Huge advancements have been made over the years in terms of modern image-sensing hardware and visual computing algorithms (e.g. computer vision, image processing, computational photography). However, to this day, there still exists a current gap between the hardware and software design in an imaging system, which silos one research domain from another. Bridging this gap is the key to unlocking new visual computing capabilities for end applications in commercial photography, industrial inspection, and robotics. This thesis explores avenues where hardware-software co-design of image sensors can be leveraged to replace conventional hardware components in an imaging system with software for enhanced reconfigurability. As a result, the user can program the image sensor in a way best suited to the end application. This is referred to as software-defined imaging (SDI), where image sensor behavior can be altered by the system software depending on the user's needs. The scope of this thesis covers the development and deployment of SDI algorithms for low-power computer vision. Strategies for sparse spatial sampling have been developed in this thesis for power optimization of the vision sensor. This dissertation shows how a hardware-compatible state-of-the-art object tracker can be coupled with a Kalman filter for energy gains at the sensor level. Extensive experiments reveal how adaptive spatial sampling of image frames with this hardware-friendly framework offers attractive energy-accuracy tradeoffs.
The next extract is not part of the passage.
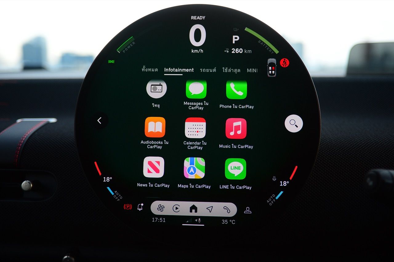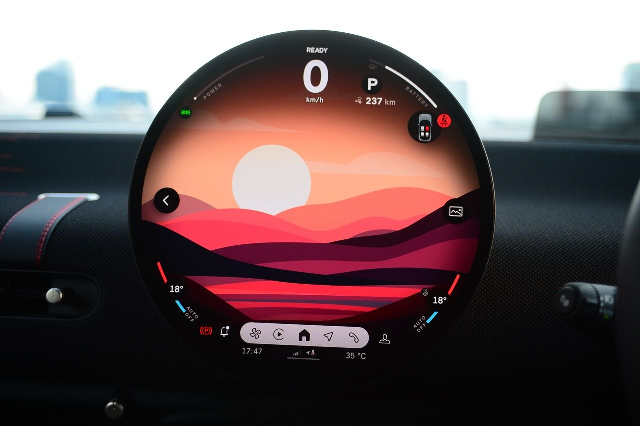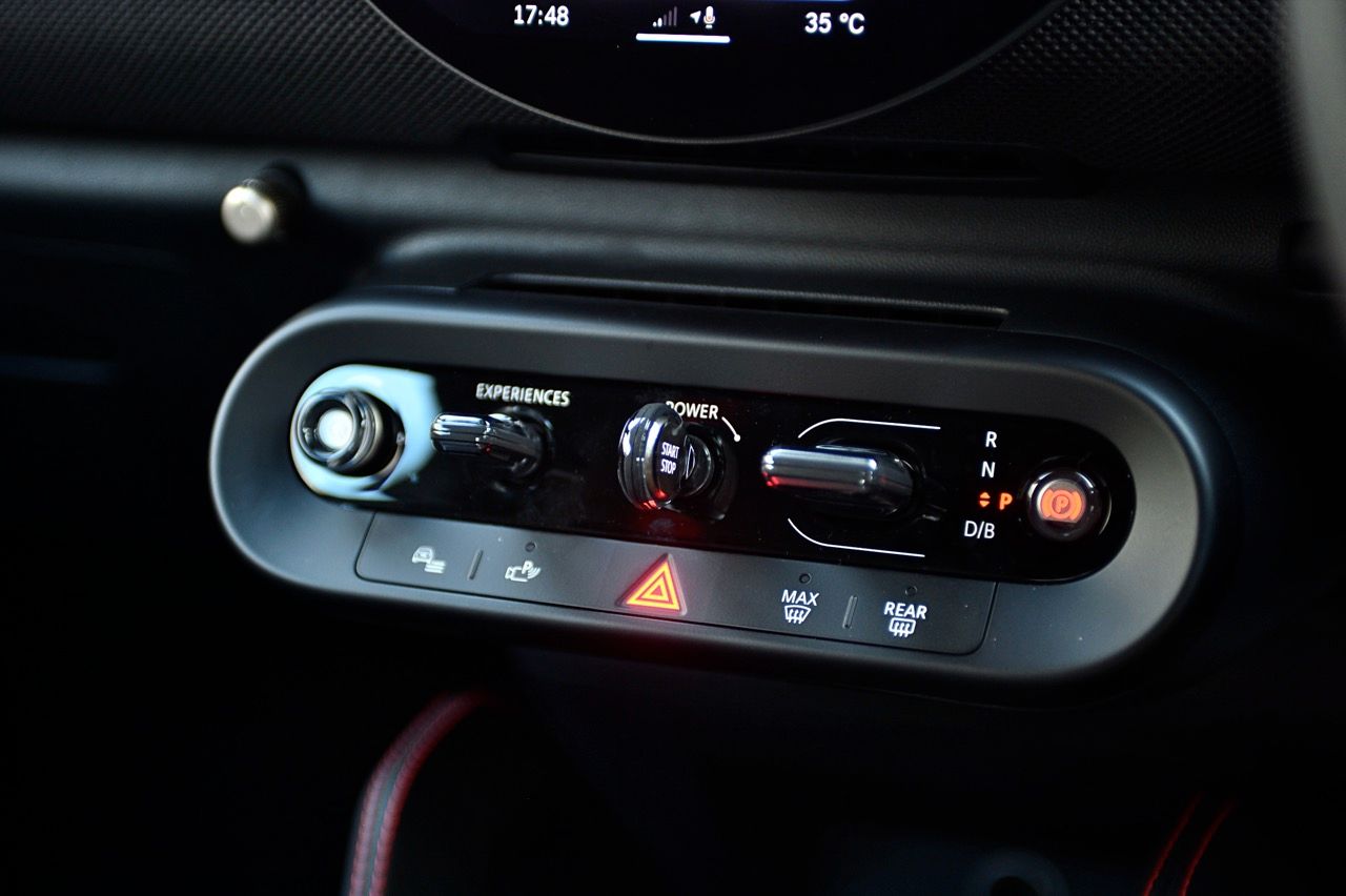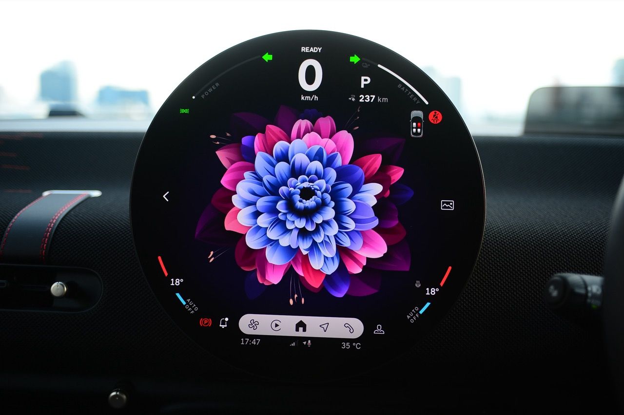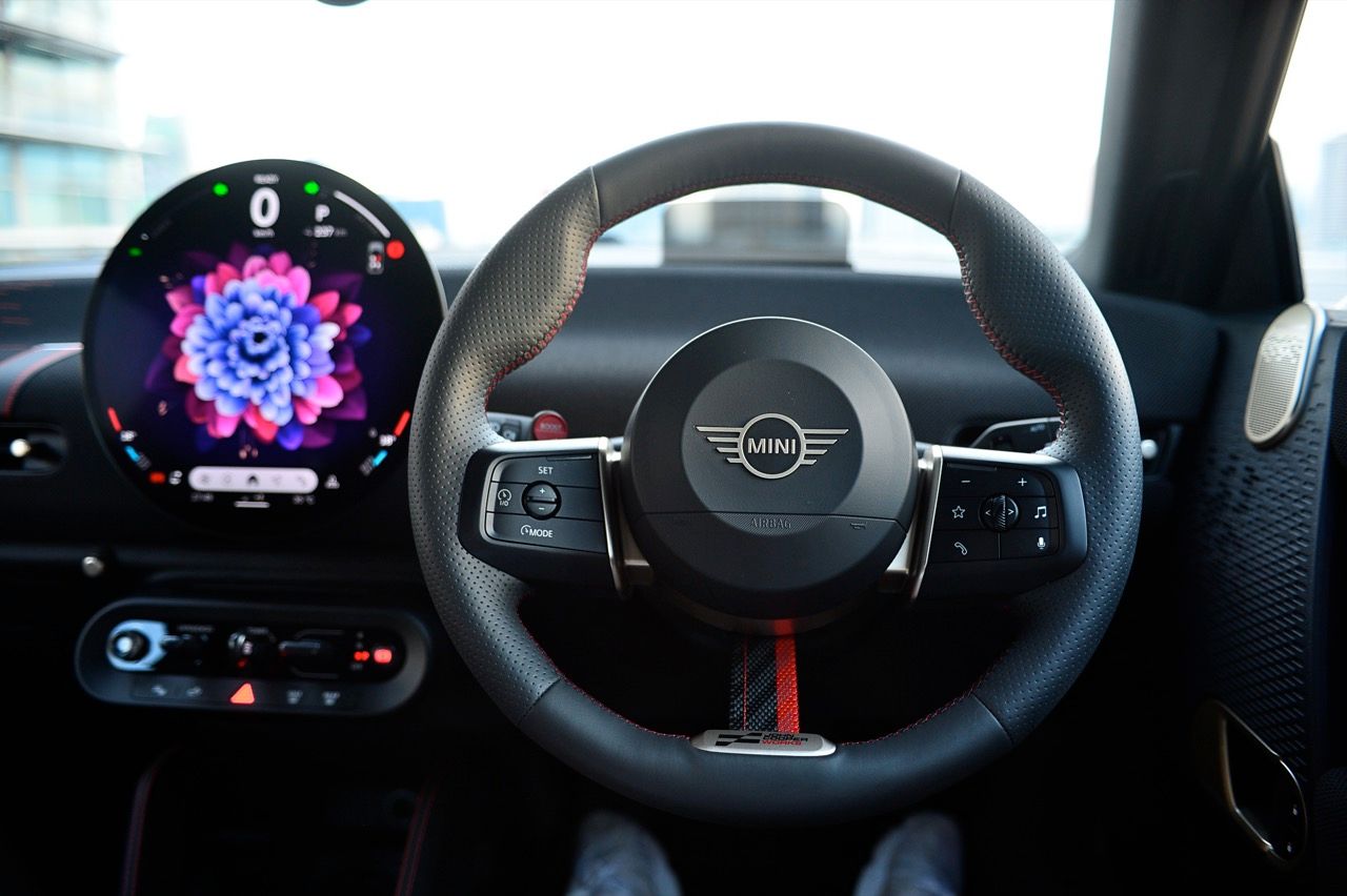 ภายในเบาะนั่งตกแต่งด้วยหนังสังเคราะห์ มีผ้าถักด้วยใยสังเคราะห์ที่เป็นมิตรกับธรรมชาติ แบบเดียวกับที่พบใน Cooper E ตกแต่งบนแผงหน้าปัดและบานประตู หน้าจอ OLED แบบวงกลมขนาด 9.4 นิ้วตรงกลางแผงหน้าปัดซึ่งให้การควบคุมอินโฟเทนเมนต์ ซึ่งก็เหมือนกับสิ่งที่คุณจะได้รับใน Cooper E ซึ่งเราชอบหน้าจอสัมผัสที่ตอบสนองได้ดี แต่เค้าโครงอาจจะทำให้สับสนได้ และเราชอบระบบควบคุมแบบกายภาพสำหรับเครื่องปรับอากาศมากกว่าภายใน มีจอแสดงผลข้อมูลความบันเทิง OLED แบบวงกลมสุดเท่บนแดชบอร์ดแบบเรียบง่ายพร้อมสวิตช์ทางกายภาพเพียงไม่กี่ตัว เบาะนั่งแบบสปอร์ตหุ้มด้วยหนังเทียมพร้อมผ้าทอที่ไหล่ ลวดลายการถักทอแบบเดียวกันยังทอดยาวไปตามความกว้างของแผงหน้าปัดและแผงประตู เพิ่มความน่ารักจัดจ้านด้วยการใช้สีแดงเพิ่มเติมอีกสองสามจุด โดยเฉพาะที่พวงมาลัย ไฟส่องสว่างรอบห้องโดยสารแบบใหม่ที่แผงหลังคาก็ยังทำให้รถดูทันสมัยขึ้นอีกตะหาก

Another thrust of this thesis is to demonstrate the benefits of reinforcement learning in this research avenue. A major finding reported in this dissertation shows how neural-network-based reinforcement learning can be exploited for the adaptive subsampling framework to achieve improved sampling performance, thereby optimizing the energy efficiency of the image sensor. The last thrust of this thesis is to leverage emerging event-based SDI technology for building a low-power navigation system. A homography estimation pipeline has been proposed in this thesis which couples the right data representation with a differential scale-invariant feature transform (SIFT) module to extract rich visual cues from event streams. Positional encoding is leveraged with a multilayer perceptron (MLP) network to get robust homography estimation from event data.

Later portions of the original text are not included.